*** AVAILABLE DATA ***

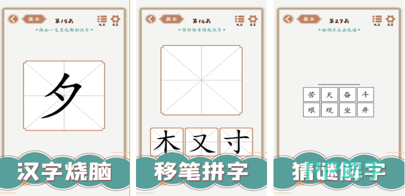 汉字多变化是专注于儿童学习汉字知识的益智作品,简单玩法配以娱乐的性质令孩子着迷,猜字谜、书写汉字等特殊内容可玩性更高,极为烧脑的汉字解谜模式吸引了玩家好奇心,移动笔画完成拼字的玩法也便于孩子记住汉字,一系列跟汉字相关的趣味性能容对孩子的智力很有帮助,由此可见汉字多变化这款汉字游戏的可玩性。
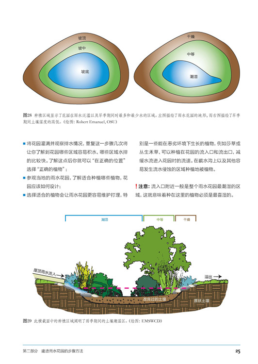本書(shū)分成三大部分:第一部分主要講述了雨水花園的概念。第二部分主要介紹雨水花園建造與維護(hù)方法等,包括從選址到土壤評(píng)估再到種植,最后到管道引流等方面。第三部分通過(guò)國(guó)內(nèi)外優(yōu)秀項(xiàng)目的展示,結(jié)合精美的圖片和詳細(xì)的描述性文字,讓讀者能在實(shí)際成品中進(jìn)一步了解雨水花園的作用。
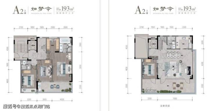 拿上叠来说,餐客厅面宽约7米,进深约6米,足足约42㎡的大方厅,已经是堪比商业大平层的尺度,外面还衔接着进深约3米,面积约30㎡的超大露台。
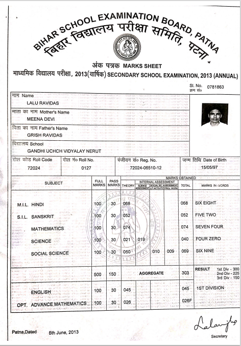 | Exam | Full Marks | Pass Marks | Marks Obtained |
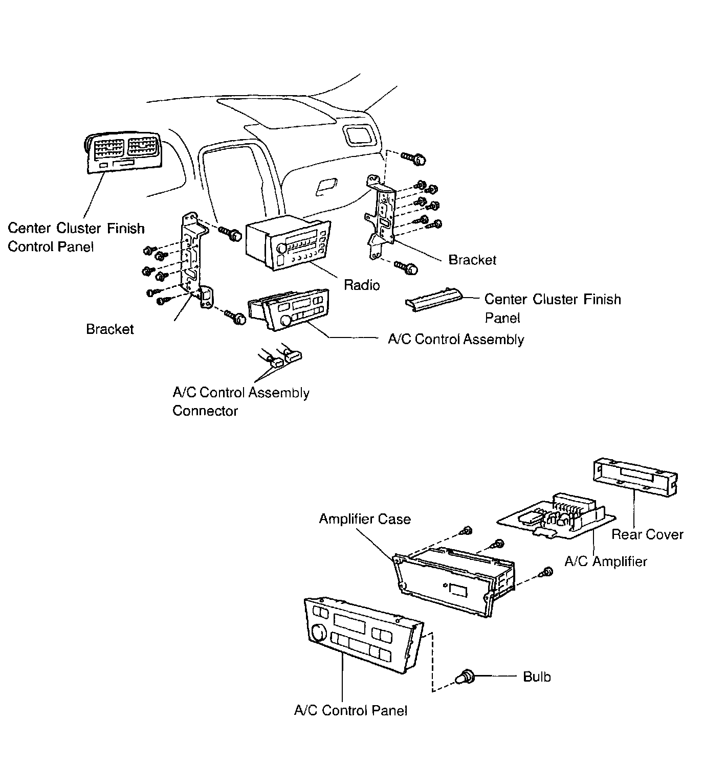 a. Remove the 4 bolts and pull out the A/C control assembly with radio, then disconnect the connectors.
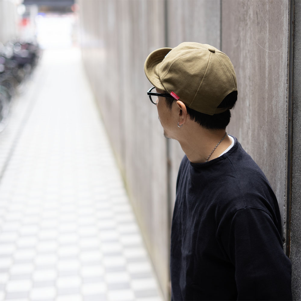 コットンキャンバス、デニム、ヒッコリーという、ベーシックな素材を使用。使い込むほどに風合いが増し、自分だけのキャップに育っていきます。シンプルなデザインなので、どんなコーディネートにも合わせやすく、Tシャツ、シャツ、ジャケットなど、あなたのいつものスタイルにすっと馴染んでくれます。そのタフで実用的な魅力が、日常使いにぴったりです。
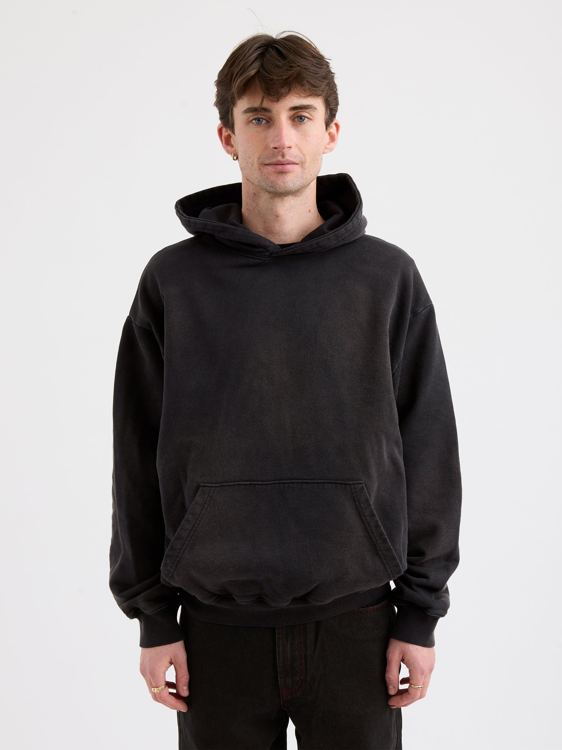 The Pareidolia Hoodie is crafted in heavyweight 450gsm cotton French terry, garment-dyed and hand-faded for a lived-in, vintage character. Designed with an oversized fit and finished with sturdy ribbing at the cuffs and hem, it balances structure with ease. Made in Australia.
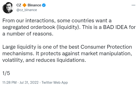 FTX 최고경영자(CEO) 샘 뱅크먼 프리드도 '일부 국가들이 독립 오더북(호가창)을 원하는데, 이는 잘못된 것'이란 바이낸스 CEO 자오창펑 의견에 동의한다는 뜻을 밝혔다.
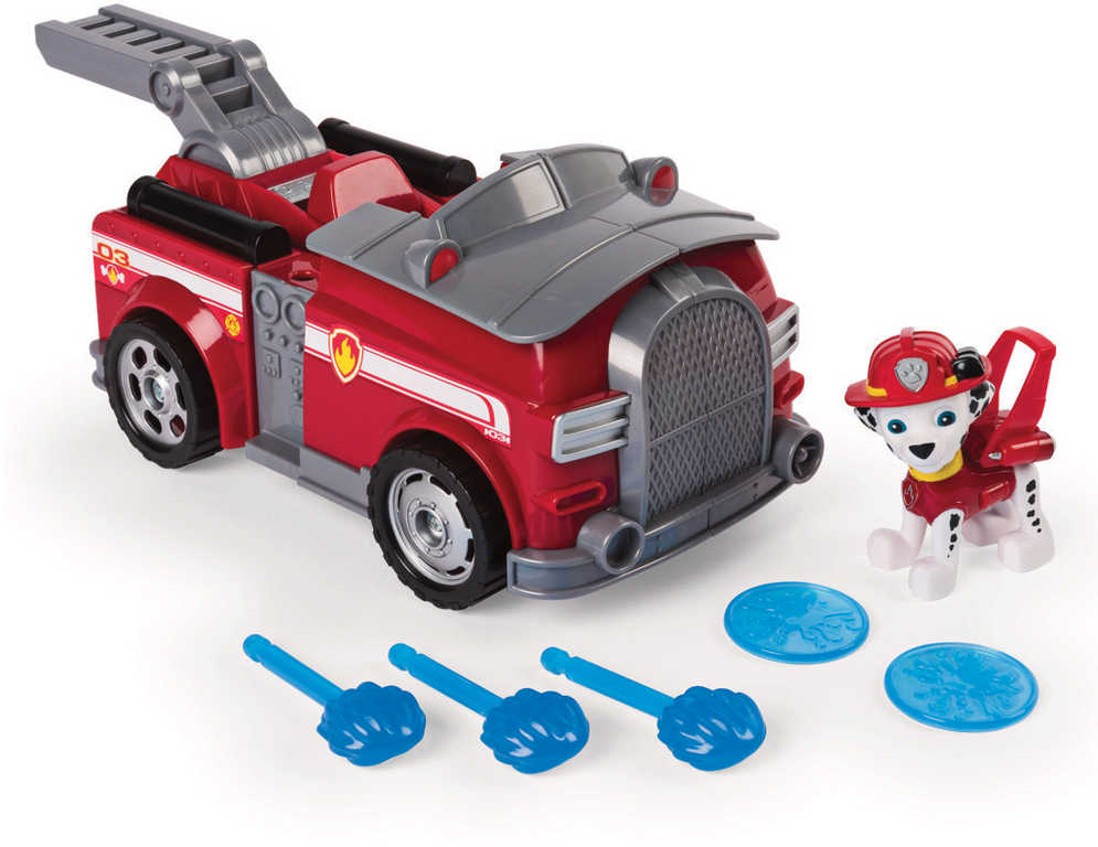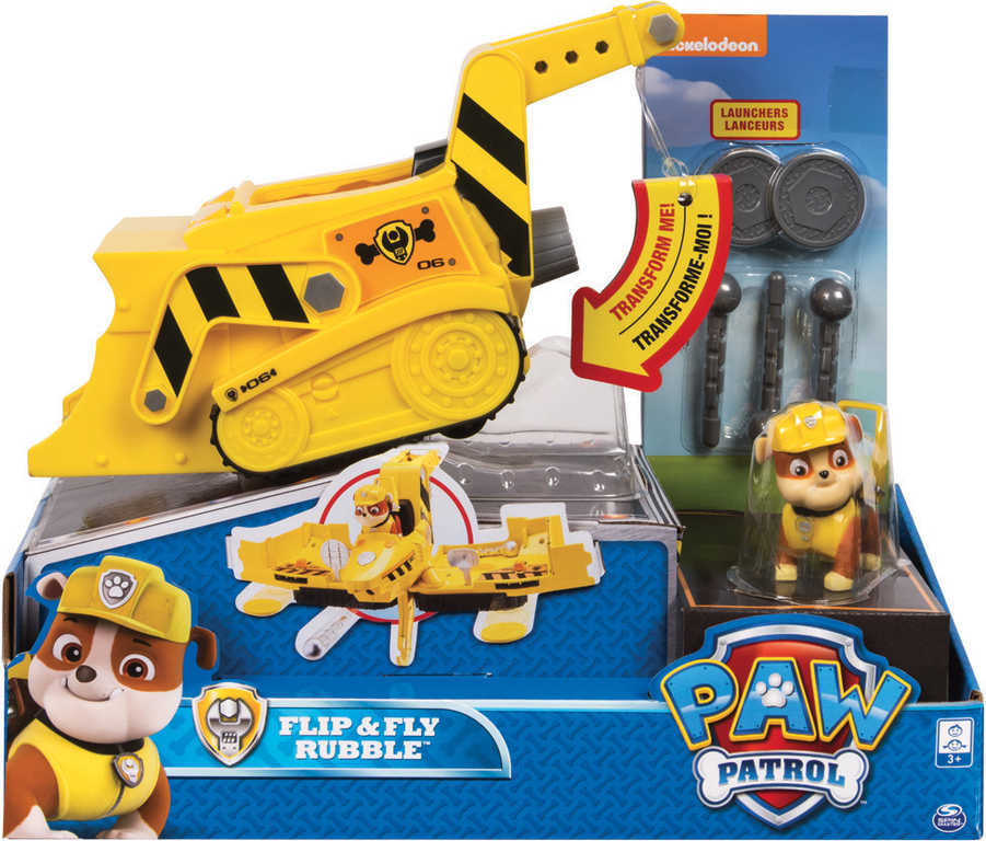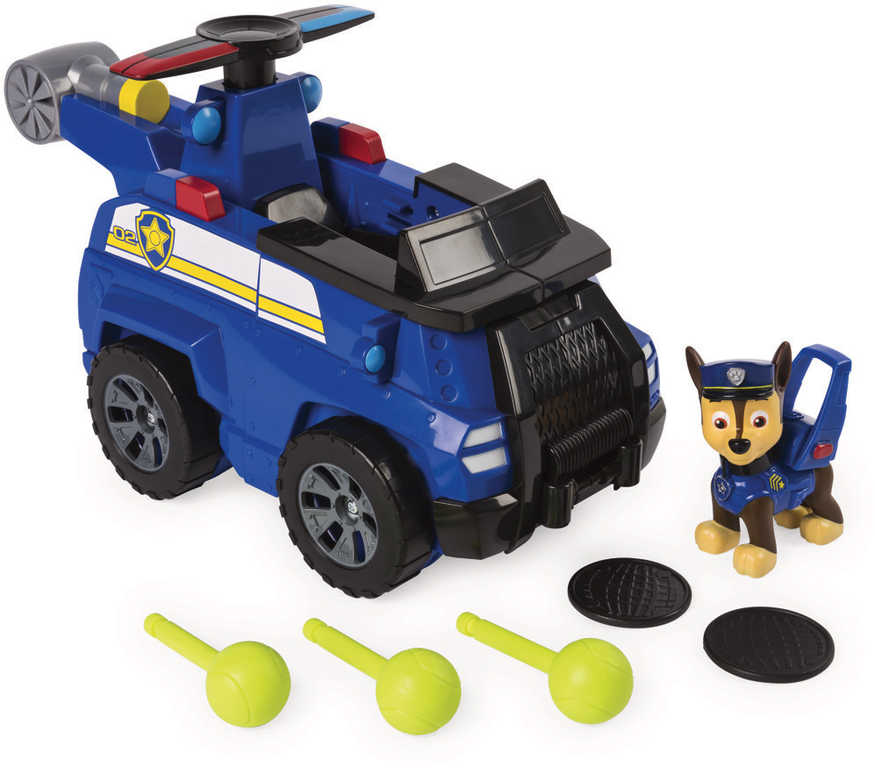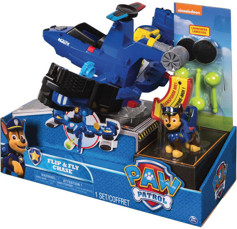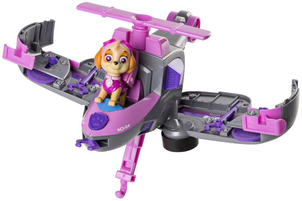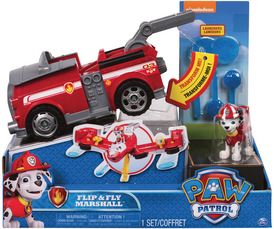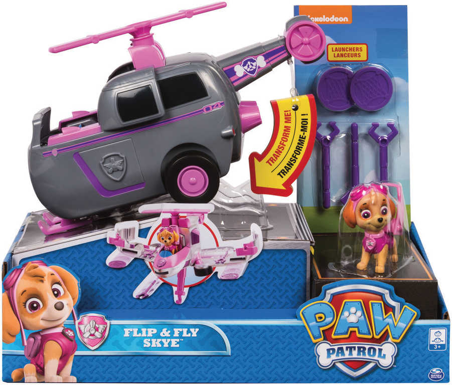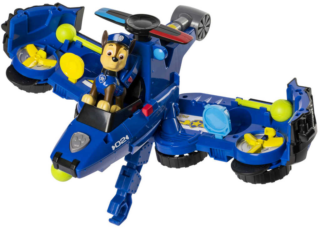 Záchranná vozidla Paw Patrol s figurkou a doplňky. Jednoduchou transformací změníte vozidlo na létající záchranný stroj připravený na záchrannou akci. Letouny vystřelují projektily a disky a mají záchranný hák, kterým mohou sebrat ze země zachraňované kamarády.

***

INSTRUCTIONS TO FOLLOW ::
Skipping the pictures, output the entries exactly as they appear above.

COMPLETED TASK ::
 汉字多变化是专注于儿童学习汉字知识的益智作品,简单玩法配以娱乐的性质令孩子着迷,猜字谜、书写汉字等特殊内容可玩性更高,极为烧脑的汉字解谜模式吸引了玩家好奇心,移动笔画完成拼字的玩法也便于孩子记住汉字,一系列跟汉字相关的趣味性能容对孩子的智力很有帮助,由此可见汉字多变化这款汉字游戏的可玩性。
本書(shū)分成三大部分:第一部分主要講述了雨水花園的概念。第二部分主要介紹雨水花園建造與維護(hù)方法等,包括從選址到土壤評(píng)估再到種植,最后到管道引流等方面。第三部分通過(guò)國(guó)內(nèi)外優(yōu)秀項(xiàng)目的展示,結(jié)合精美的圖片和詳細(xì)的描述性文字,讓讀者能在實(shí)際成品中進(jìn)一步了解雨水花園的作用。
 拿上叠来说,餐客厅面宽约7米,进深约6米,足足约42㎡的大方厅,已经是堪比商业大平层的尺度,外面还衔接着进深约3米,面积约30㎡的超大露台。
 | Exam | Full Marks | Pass Marks | Marks Obtained |
 a. Remove the 4 bolts and pull out the A/C control assembly with radio, then disconnect the connectors.
 コットンキャンバス、デニム、ヒッコリーという、ベーシックな素材を使用。使い込むほどに風合いが増し、自分だけのキャップに育っていきます。シンプルなデザインなので、どんなコーディネートにも合わせやすく、Tシャツ、シャツ、ジャケットなど、あなたのいつものスタイルにすっと馴染んでくれます。そのタフで実用的な魅力が、日常使いにぴったりです。
 The Pareidolia Hoodie is crafted in heavyweight 450gsm cotton French terry, garment-dyed and hand-faded for a lived-in, vintage character. Designed with an oversized fit and finished with sturdy ribbing at the cuffs and hem, it balances structure with ease. Made in Australia.
 FTX 최고경영자(CEO) 샘 뱅크먼 프리드도 '일부 국가들이 독립 오더북(호가창)을 원하는데, 이는 잘못된 것'이란 바이낸스 CEO 자오창펑 의견에 동의한다는 뜻을 밝혔다.
 Záchranná vozidla Paw Patrol s figurkou a doplňky. Jednoduchou transformací změníte vozidlo na létající záchranný stroj připravený na záchrannou akci. Letouny vystřelují projektily a disky a mají záchranný hák, kterým mohou sebrat ze země zachraňované kamarády.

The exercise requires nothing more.